Deputy of the French National Assembly
- In office 14 April 1972 – 21 April 1997
- Preceded by: Paul Cormier [fr]
- Succeeded by: Maurice Leroy
- Constituency: Loir-et-Cher's 3rd constituency (1972–1986, 1986–1997) Proportional representation (1986–1988)

Personal details
- Born: 5 September 1925 Montloué, France
- Died: 5 February 2023 (aged 97) Brittany, France
- Party: UDF
- Education: École nationale vétérinaire d'Alfort
- Occupation: Veterinarian

= Jean Desanlis =

French politician (1925–2023)

Jean Desanlis (5 September 1925 – 5 February 2023) was a French veterinarian and politician.

==Biography==
Born in Montloué on 5 September 1925, Desanlis attended the École nationale vétérinaire d'Alfort until 1950. He then began a veterinary practice in Montoire before moving to Vendôme in June 1951.
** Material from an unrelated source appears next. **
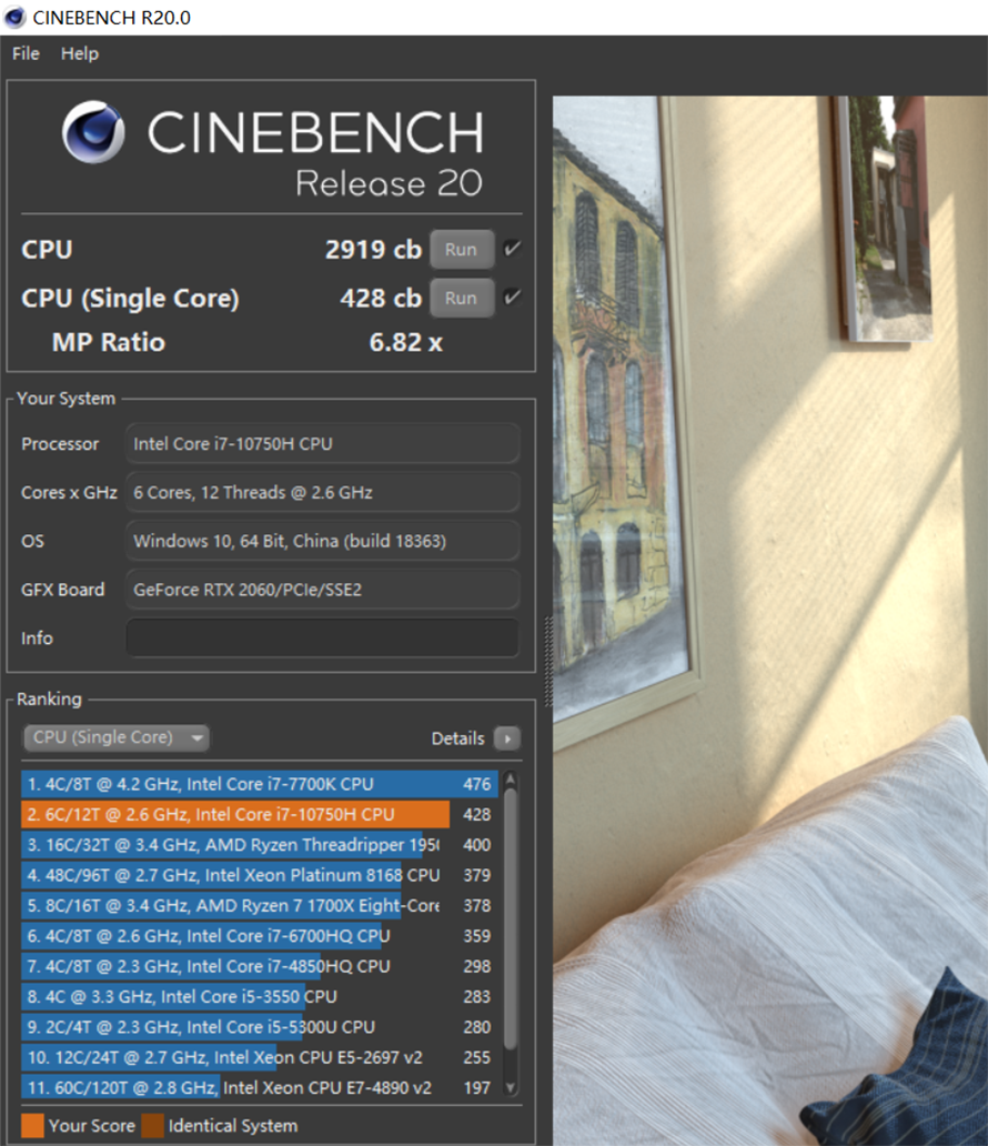在CineBenchR20的测试中,酷睿i7-10750H处理器单线程取得了428分,而多线程则为2919分,和英特尔i7-10750H相比,性能略有提升。

Desanlis was first elected to the municipal council of Vendôme in 1959. In 1973, he was elected General Councillor of the Canton of Saint-Amand-Longpré. He was re-elected in 1982, having become vice-president of the General Council in 1976. In 1973 French legislative election, he was elected as a deputy of the National Assembly for Loir-et-Cher's 3rd constituency, a position he served until 1997. He was a signatory of the Appel des 43, announcing his support for Valéry Giscard d'Estaing in the 1974 French presidential election.

Jean Desanlis died in Brittany on 5 February 2023, at the age of 97.